И послали на Дальний Восток?



Не затем ли, моя дорогая,

Что я вырос на лишний вершок…”

“Прощай японская война, прощай, японочка моя!

Я уезжаю в дальний путь, тоска сжимает мою грудь.

Жена мне пишет, что больна, и мать старушка чуть жива.

Я уезжаю, не забудь, тоска сжимает мою грудь”.

У старушки был взрослый внук, окончивший училище искусств по классу фортепьяно, и ладно громыхавший польки, вальсы и полонезы на бабушкином “Бютнере”. Но игра его совсем не нравилась Екатерине Андреевне, и даже раздражала. Совсем другое дело - Илья. Его игра завораживала.

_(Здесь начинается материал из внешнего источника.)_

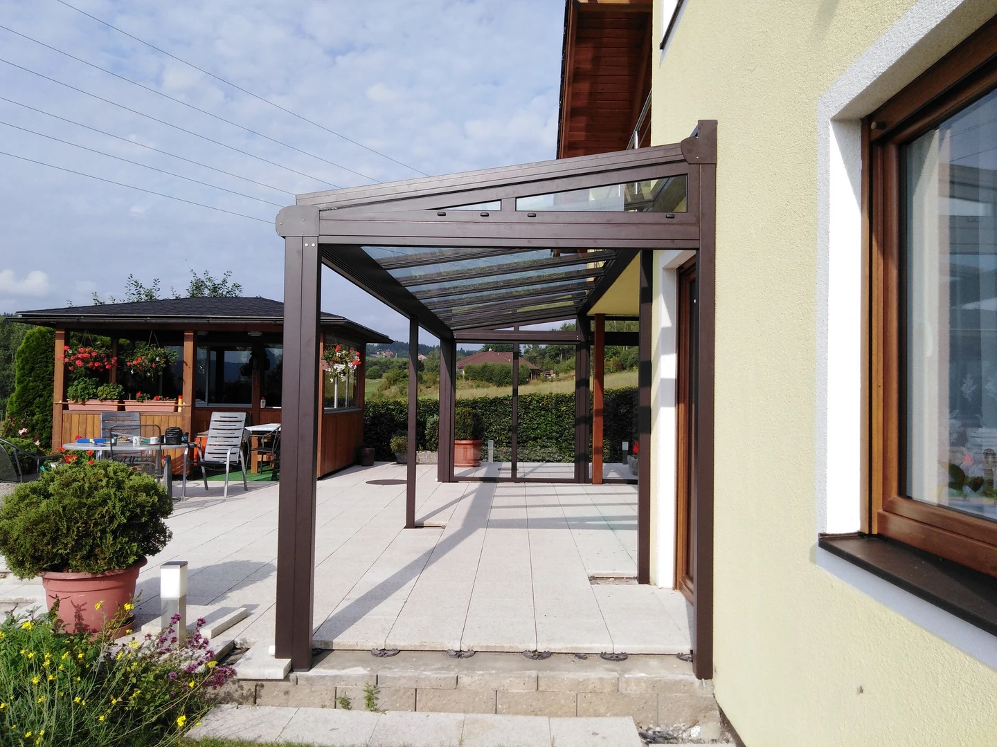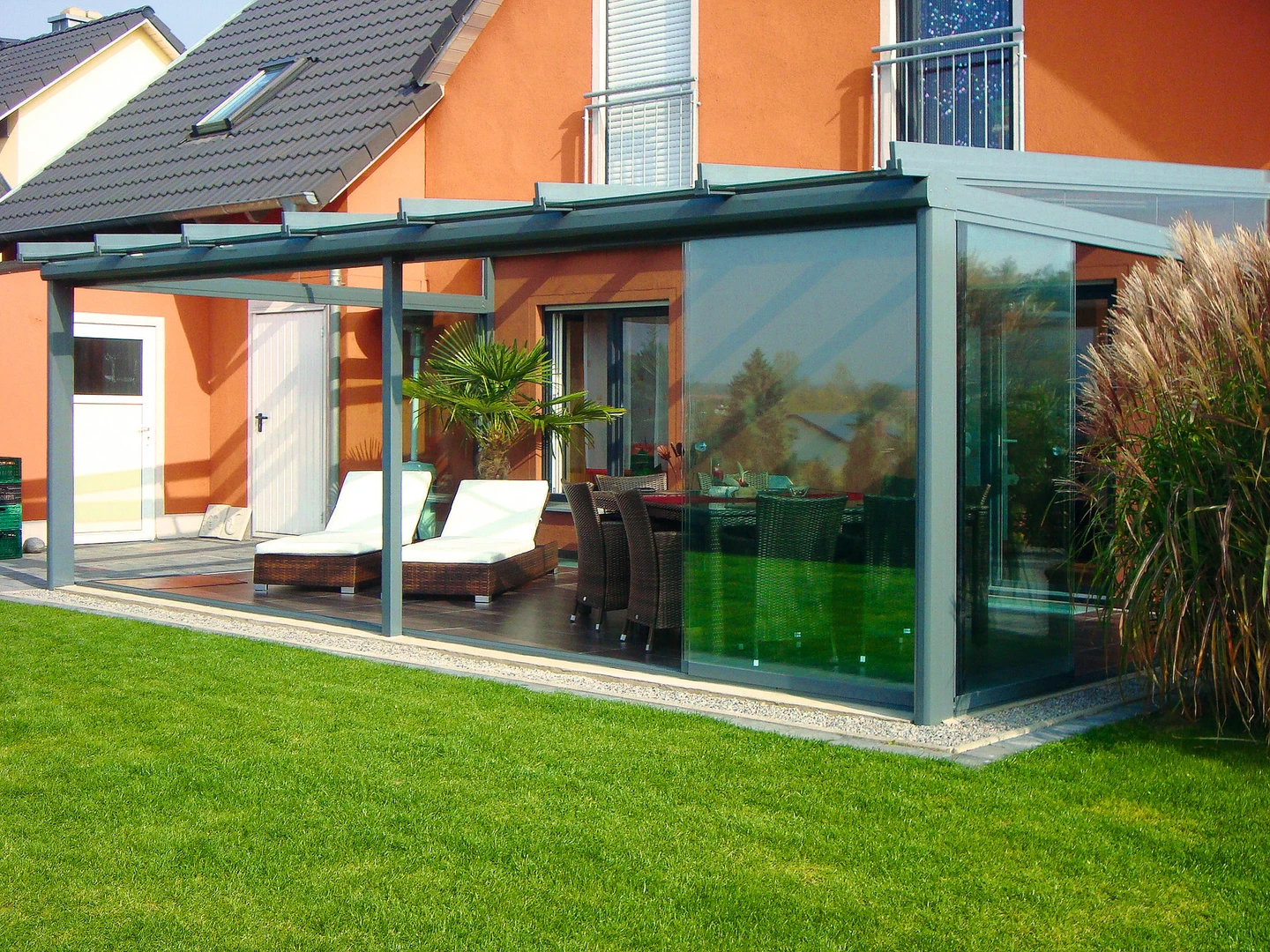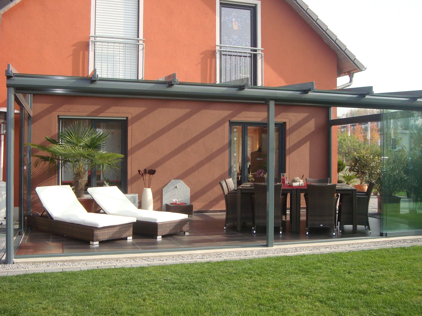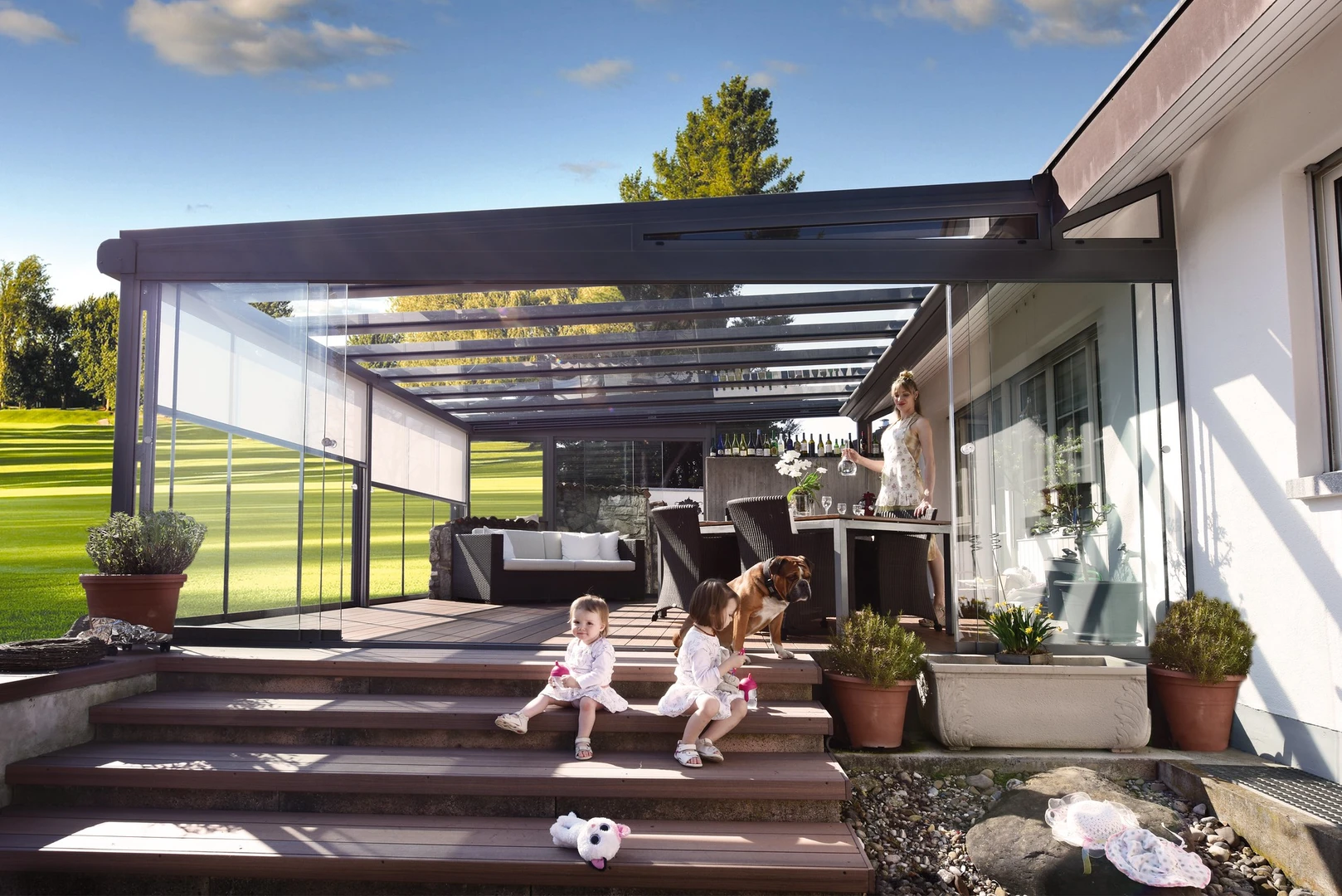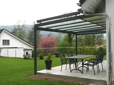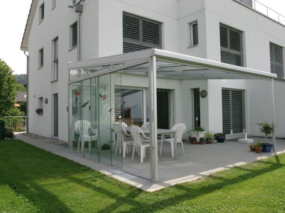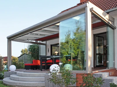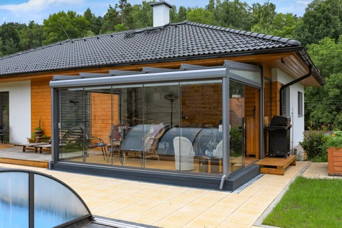 Uterum CORSO Solid – ett skjutbart system med aluminiumstruktur och polykarbonatpaneler för året-runt-användning av din terrass.
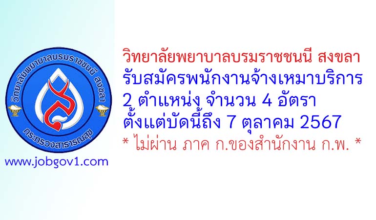 วิทยาลัยพยาบาลบรมราชชนนี สงขลา รับสมัครพนักงานจ้างเหมาบริการ 4 อัตรา ตั้งแต่บัดนี้ถึง 7 ตุลาคม 2567
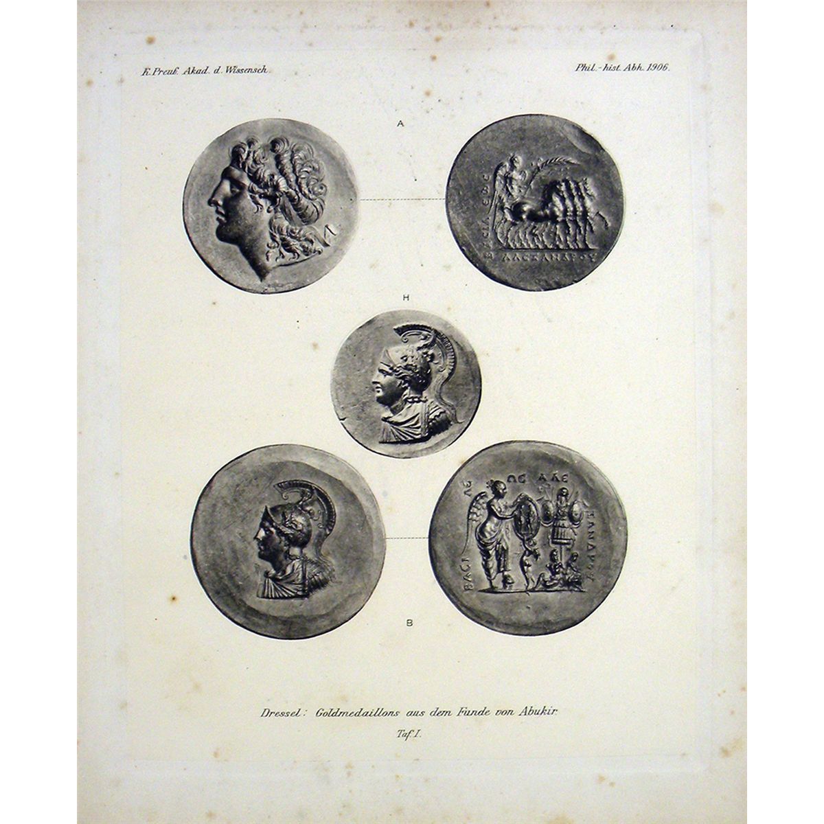 Dressel, Heinrich. FÜNF GOLDMEDAILLONS AUS DEM FUNDE VON ABUKIR. Berlin, 1906. 4to, original printed cloth-backed tan boards. 86 pages; text illustrations; 4 superb plates of medallions. Boards dusty and bit bowed; some marginal spotting; very good. Rare, with very fine plates. Ex Edward Stanley Gotch Robinson, with front cover initialed. A copy of R. Weil's "Goldmedaillons von Abukir," offprinted from the Jahrbuch des Kaiserlich Deutschen Archaologischen Instituts (1907), is laid in. Clain-Stefanelli 3226.
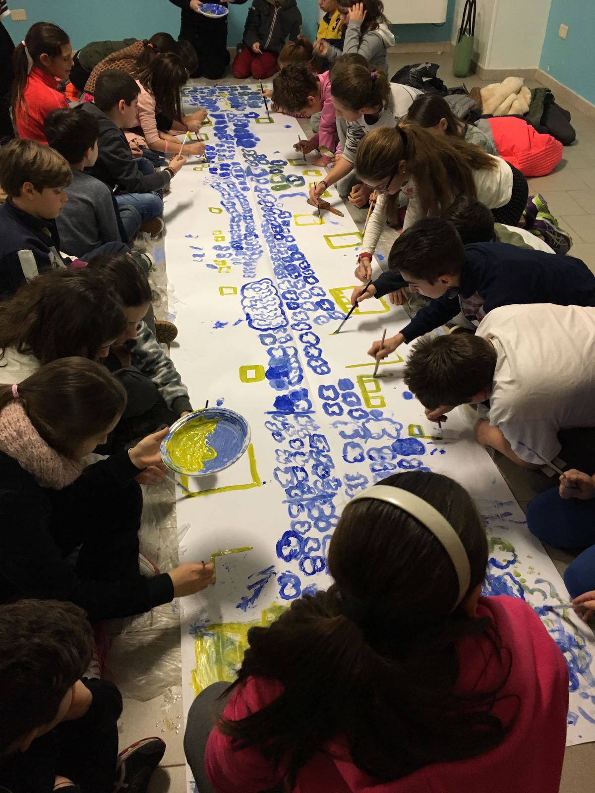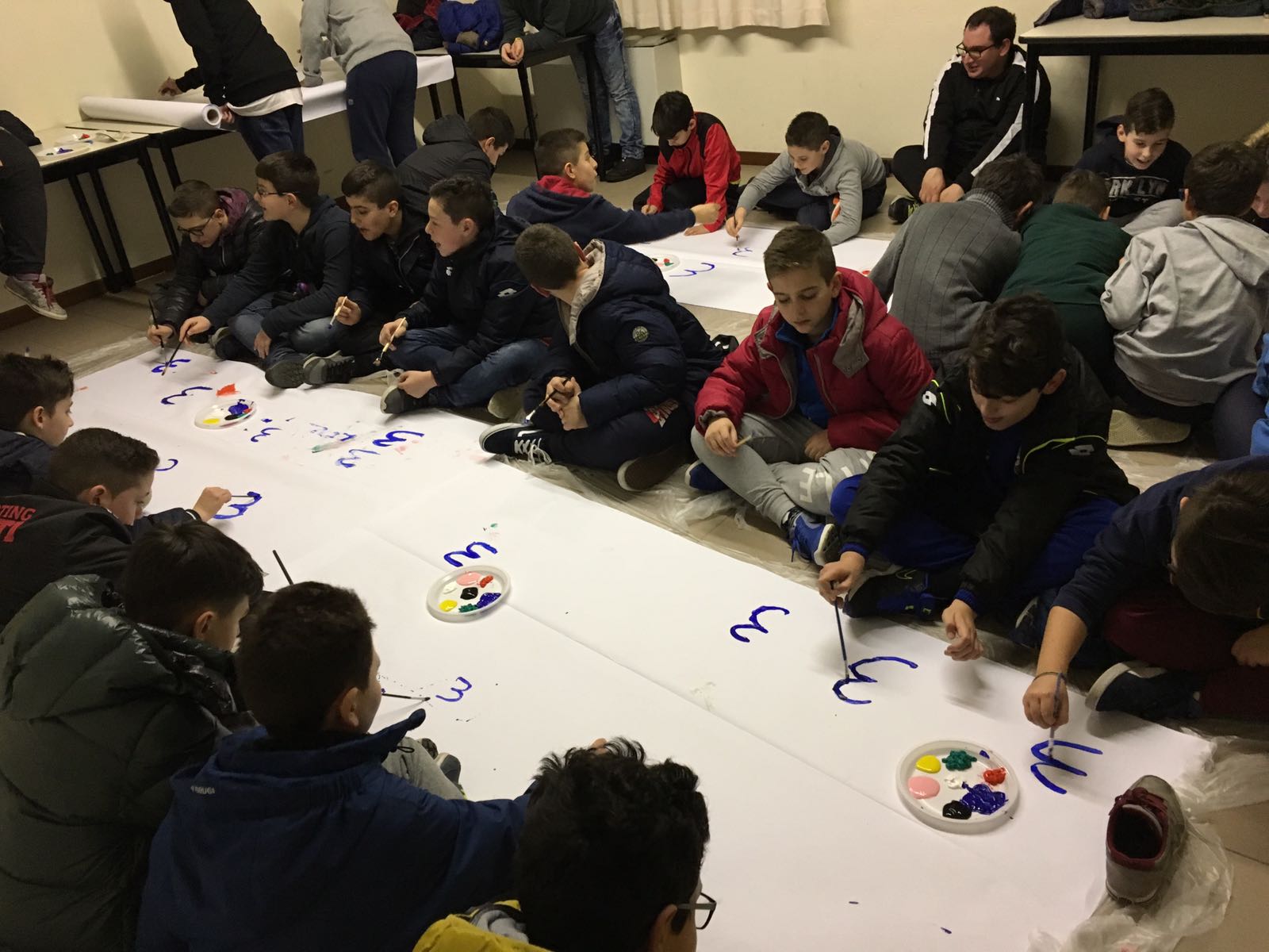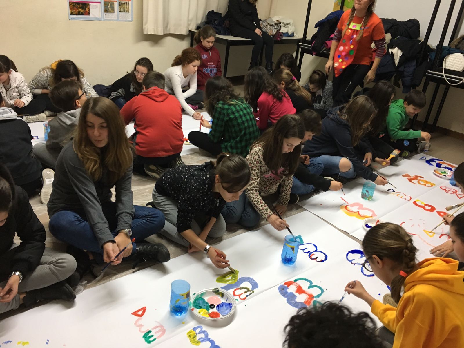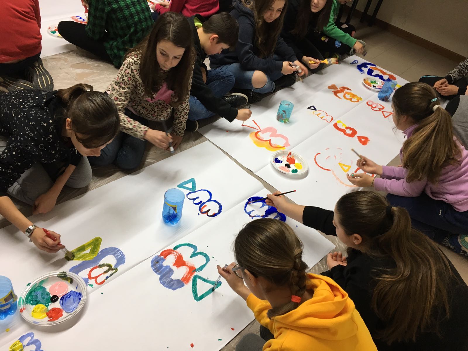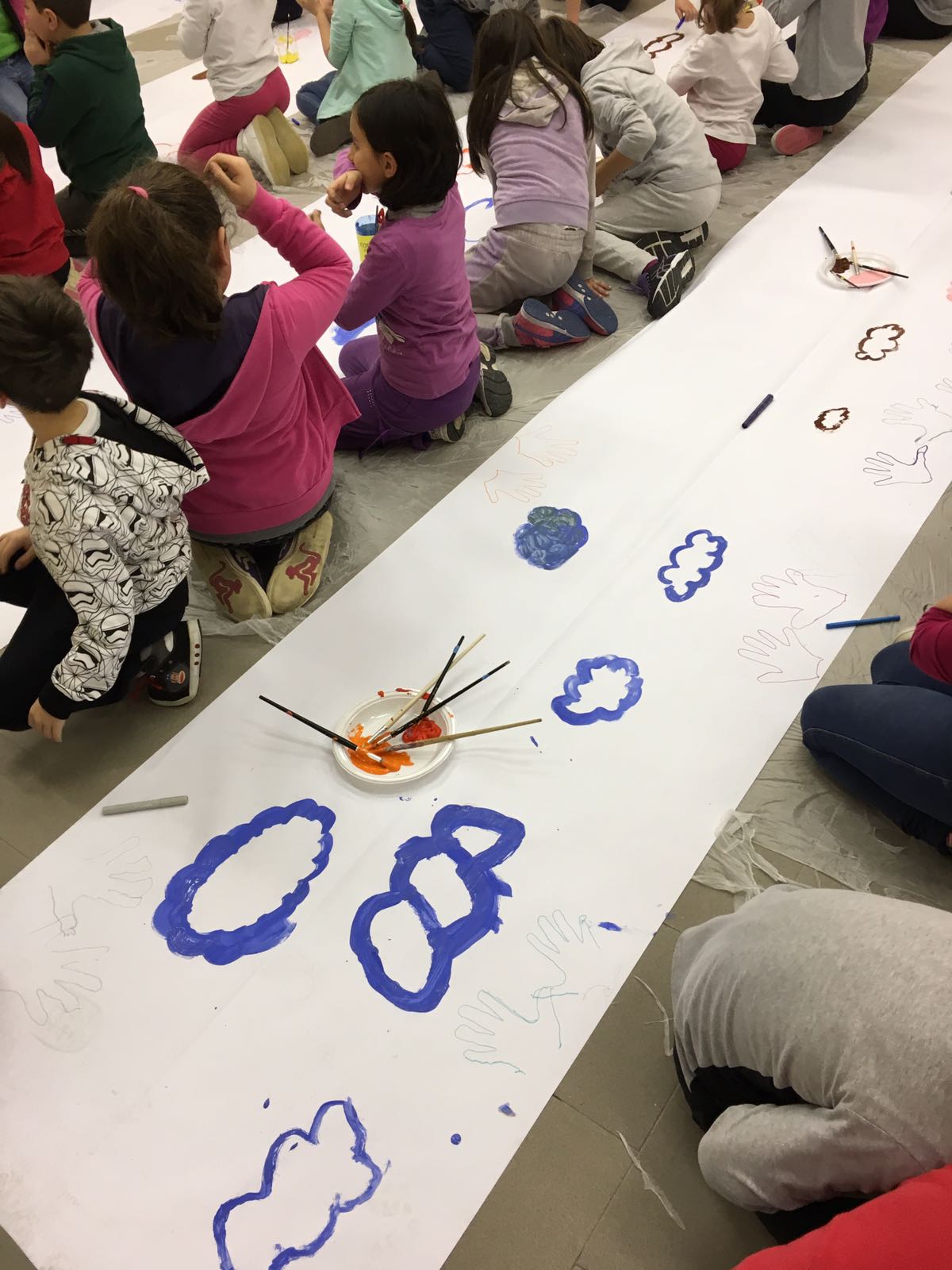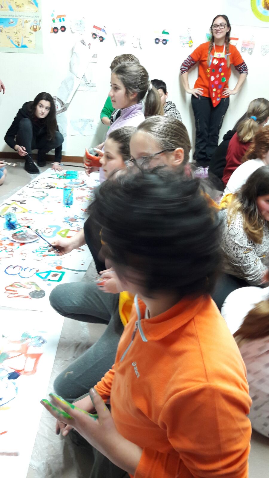 Suddivisi per fasce d’eta, i più giovani hanno verniciato una casa stilizzata (simbolo dell’armonia in famiglia), le proprie mani unite (richiamo all’armonia nei rapporti con gli altri) e una nuvoletta di fumetto-sogno (a simboleggiare l’impegno di realizzare un futuro di pace).

Если бы пришлось сравнивать, то она, пожалуй, поставила Илью рядом с Гленом Гульдом. Особенно, когда тот исполнял опусы любимого им Шёнберга.

Екатерина Андреевна была далеко не бескультурной, и ясно понимала, что Илья играть не умеет. И, тем не менее, он играл, а она его слушала, и это было чудом. Этим чудом она делилась со своей невесткой, и приглашала её, как бы ненароком, послушать Илью. Но тот замечал, что на него пришли посмотреть, как на экспонат кунсткамеры, и вдохновение пропадало. На публику играть он не мог, даже если бы и хотел: просто не умел. Здесь он и вправду совпадал с Гленом Гульдом, полагавшим игру на публику делом антимузыкальным. Вставал с вертящегося стула и закрывал крышку пианино. Екатерина Андреевна разводила руками. Ничего не поделаешь: Муза капризна. Так что гармония, соединявшая их, оставалась тайной двоих. И это было романтично.